When John Danowski interviewed for the job of head men’s lacrosse coach at Duke University, he found himself at a long conference room table, surrounded by 12 people from all parts of the university.
“There wasn’t one question about lacrosse,” recalled Danowski.
This was in July of 2006, and the school was still reeling from the controversy following a party hosted by the lacrosse team in which three players were accused of raping a stripper. Those charges were eventually dropped, but not before the previous coach was forced to resign and the program was temporarily suspended.
Danowski had been head coach at Hofstra University for 21 years. He had no guarantees when he came to Duke, but he has since led the Blue Devils to three national championships and restored pride in the program.
Whether it’s football or lacrosse — or any other sport, for that matter — the same principles apply when it comes to building culture, character and success. Danowski joined the 33rd Team Call last month to share his story.

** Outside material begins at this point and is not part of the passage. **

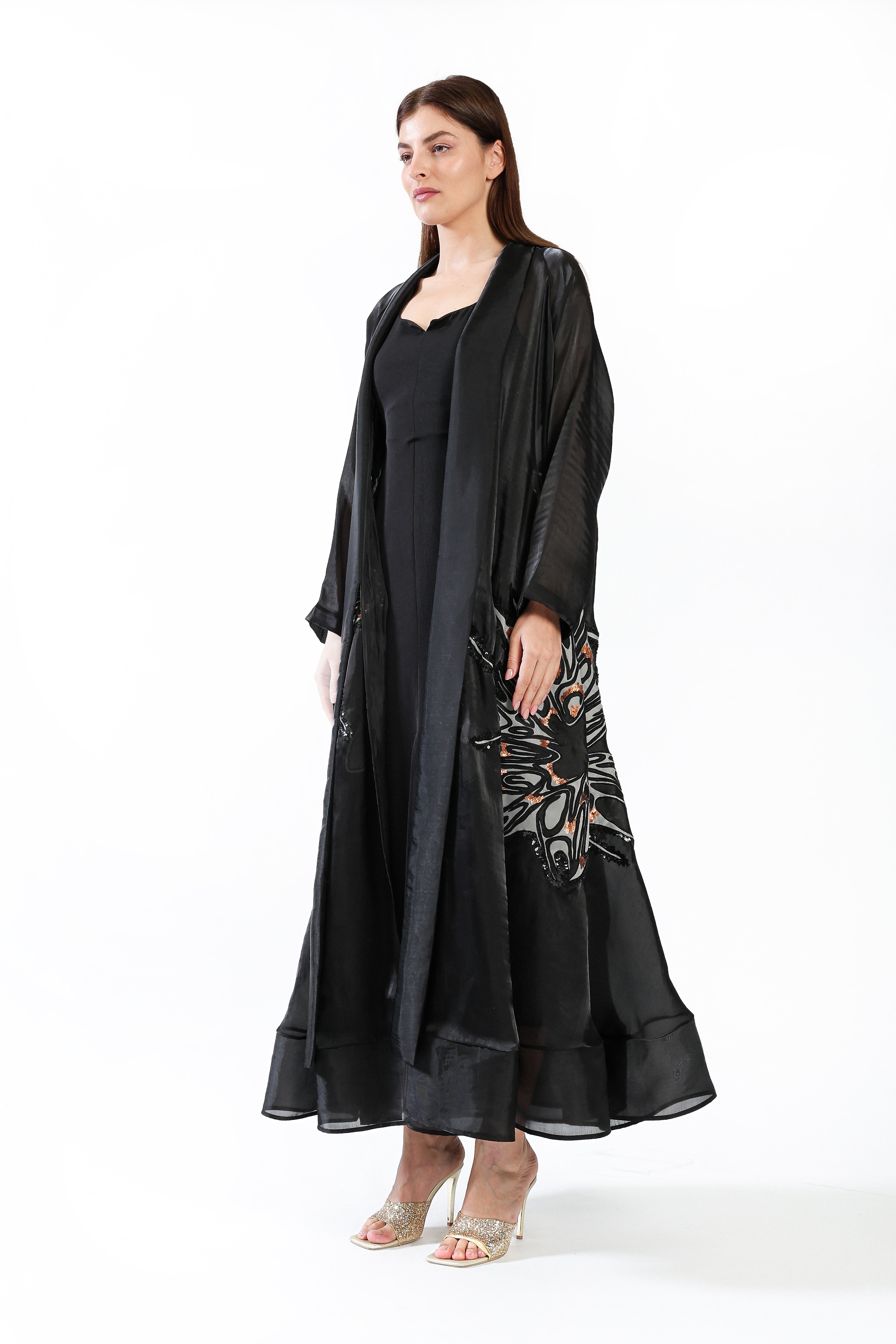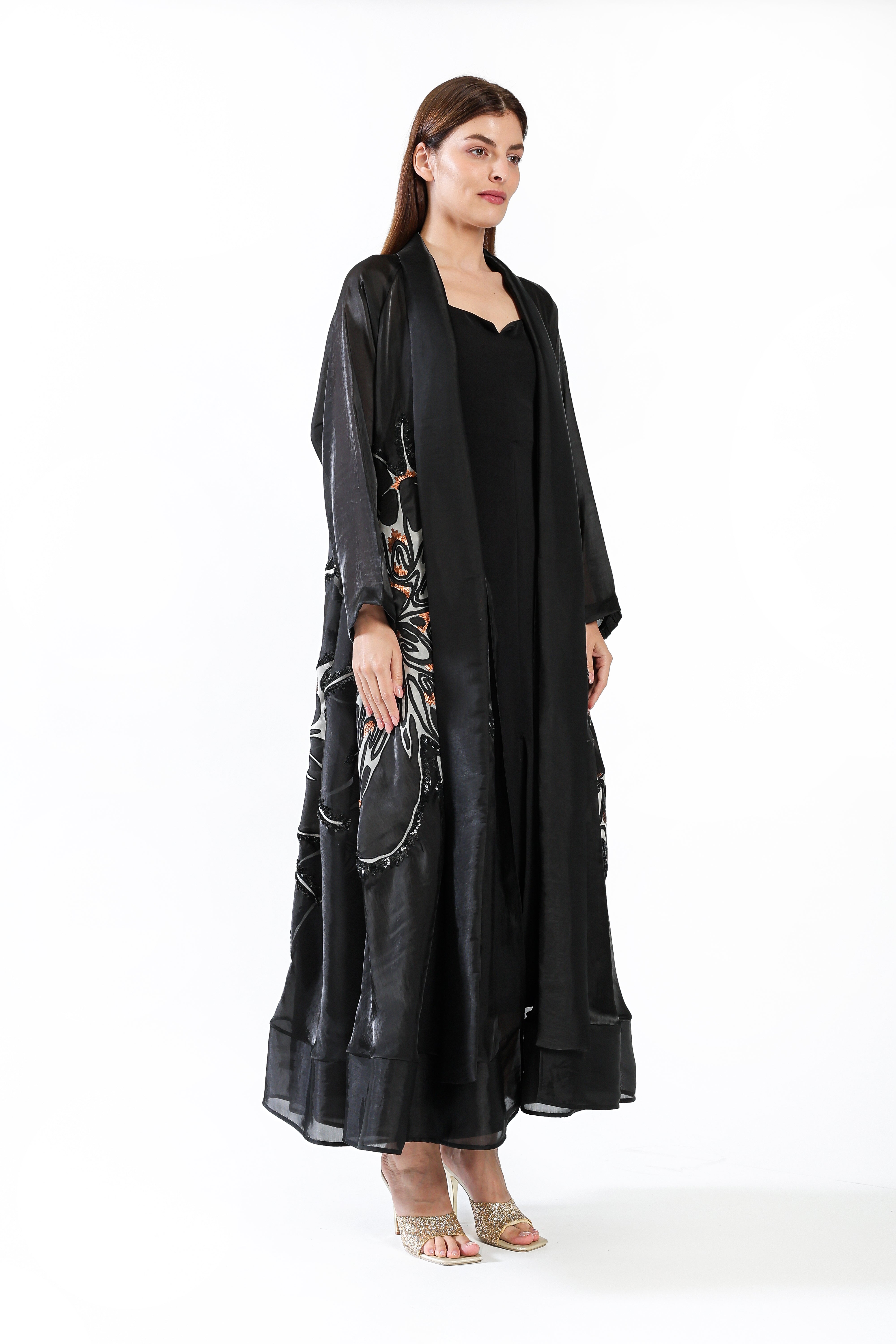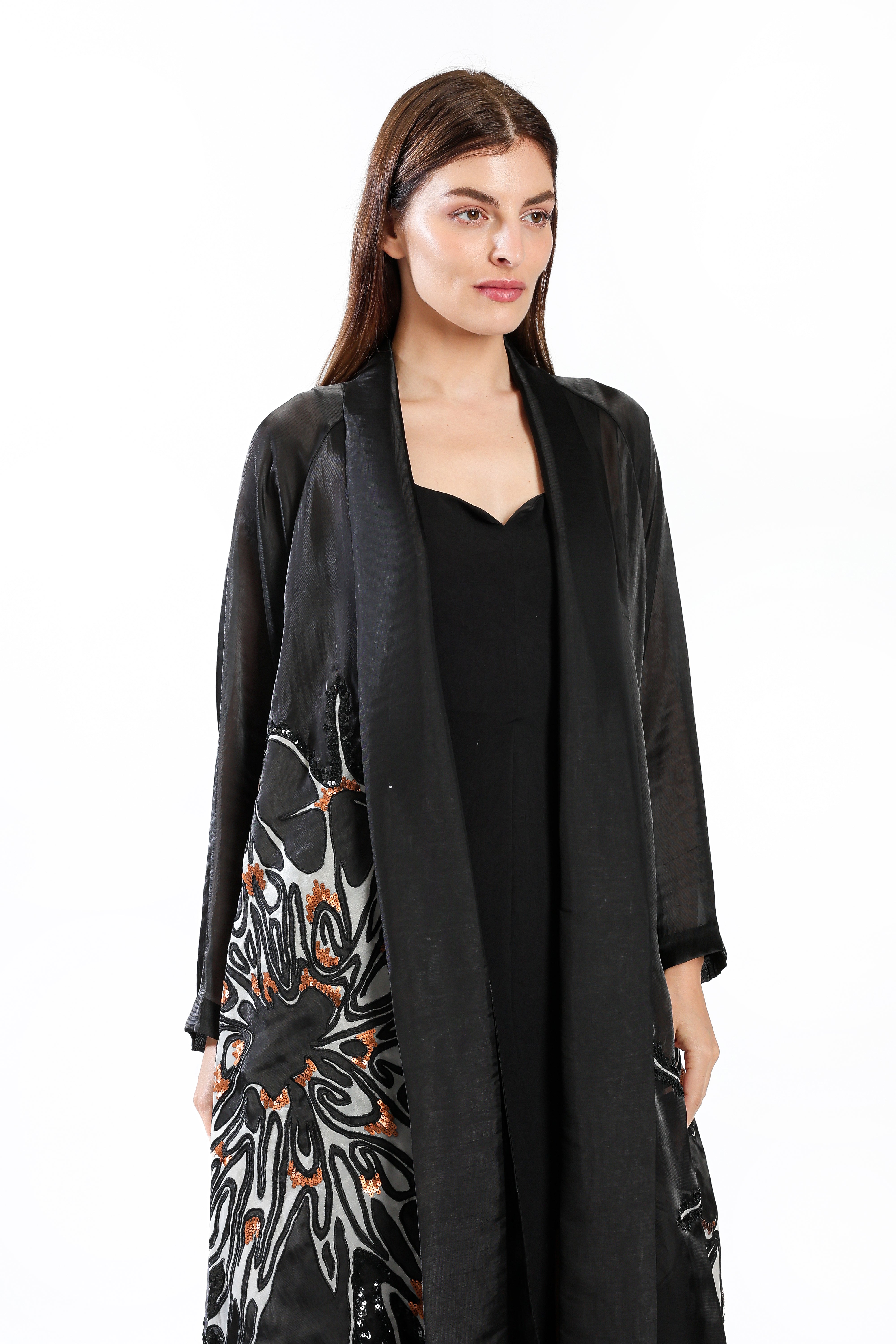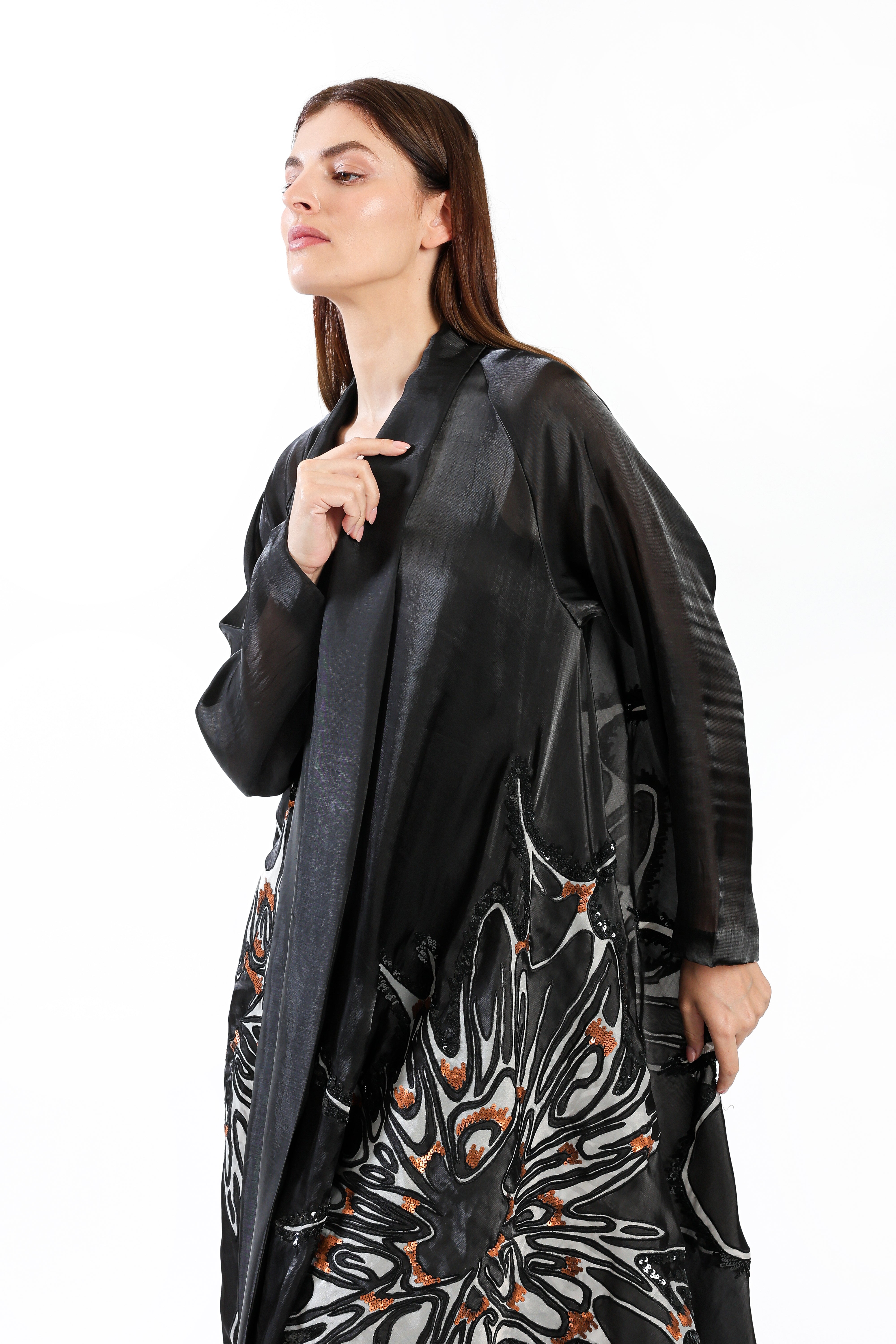 A refined evening abaya crafted from black Fendi organza, featuring striking oversized floral embroidery brought to life with shimmering sequins and delicate beadwork.

Danowski already had plenty of ties to football. His father, Ed, played eight seasons for the New York Giants before later becoming head football coach at Fordham University (one of his assistants was a guy named Vince Lombardi). John Danowski dreamed of playing quarterback for Notre Dame … but settled on Rutgers as a backup.
“And I am the all-time leading percentage passer in Rutgers football history,” Danowski said.
Danowski, now 67, elaborated on the conversation that took place at his interview.
“It was about culture, it was about discipline, it was about structure,” Danowski said. “It was about, ‘How are you going to handle things going forward?’
“Everybody can learn x’s and o’s, but the concept of great leadership — of understanding, of having empathy, being able to communicate, being able to follow through on discipline issues and how you go about your business – that’s something that you learn about over time, by having great mentors and having people that you watched, and even your own experiences, your own failures.”
Danowski doesn’t begin to take credit for the program’s revival. He credits the players, who unanimously opted to stay. All 33 undergrads on the 2006 team had a blanket release. They were free to transfer anywhere they wanted.
All 33 stayed.
“They wanted to finish out what they started,” said Danowski. “And I thought that was a tremendous decision on their part.”
And that decision was the foundation for how they rebuilt the program.
“We built the program on this aspect of love, of loyalty, on love of the place, love of their teammates, love of the game itself.”
One of the first things Danowski taught his players was a lesson that applies to any sport: It’s one thing to have passion for the game and for your teammates, but don’t let emotion get the better of you.
“Emotion can take you so far, but at the end of the day it’s about execution,” he said “It’s about poise, it’s about your own preparation. The whole piece of throwing your whole identity into being an athlete… it is not who we are.
“There’s a fine line between being obsessed with your performance and with being an athlete, but also balancing it with the other things in your life. So one of the things I’ve learned when you leave here, I always tell them, ‘You’re gonna go on to do great things. This is a stepping stone … If you get a chance to be a champion, it’s awesome. But it doesn’t define who you are and who you’re going to become.”
In addressing the NFL and college football coaches on the 33rd Team Call, Danowski also talked about the fine line that all coaches walk.
“Nothing escapes me in terms of irony,” he said, recalling the feeling he had after winning his first championship at Duke in 2010. “It just struck me, all the great coaches who do unbelievable work but just never had the opportunity to coach at a place like Duke.”
Danowski doesn’t lose sight of the fact that even those coaches who find themselves in great places can miss out on glory by the slightest of margins. One tipped pass, a stop at the goal line. It doesn’t mean those coaches haven’t worked as hard as the most decorated coaches.
“When I was at Hofstra, we didn’t get a lot of credit for a lot of things,” Danowski said. “We would just shake our heads. Nobody knows. Nobody knows what you do during the week. The fires you put out. A bad week of practice. Some injuries. Whatever situations happen, Monday through Saturday, before game day. Nobody knows the time you put in, the sleep that you lose.
“And I think there’s so many great coaches out there – great leaders – great people involved in our business that just don’t get an opportunity, or just miss an opportunity.”
Once Danowski got the opportunity at Duke, one of his core principles was communication.
“I’d get the team together after practice and I’d say, ‘What’s pissing you off today? What’s making you angry?’ Danowski explained. “The thing is getting them to start to talk.”
Danowski made sure his team understood that the locker room and the field are sanctuaries – places where his players can say whatever they want withouh being judged. Maybe a week after asking them what was pissing them off, he’d ask them what made them happy.
“We didn’t have all 45 talking,” Danowski said, “but we gave them the opportunity.
“Gotta teach them how to talk to each other. We didn’t do it to be phony. We wanted to open up these lines of communication and not keep things inside.”
Lastly, Danowski’s success at Duke was built on trust. He made sure the kids who had been through so much before he got there knew their place.
“It was really built on trust right away,” he said. “It was their team and their program, and they did have something to prove.”
Fifteen years after taking over at Duke, Danowski continues to help his players thrive.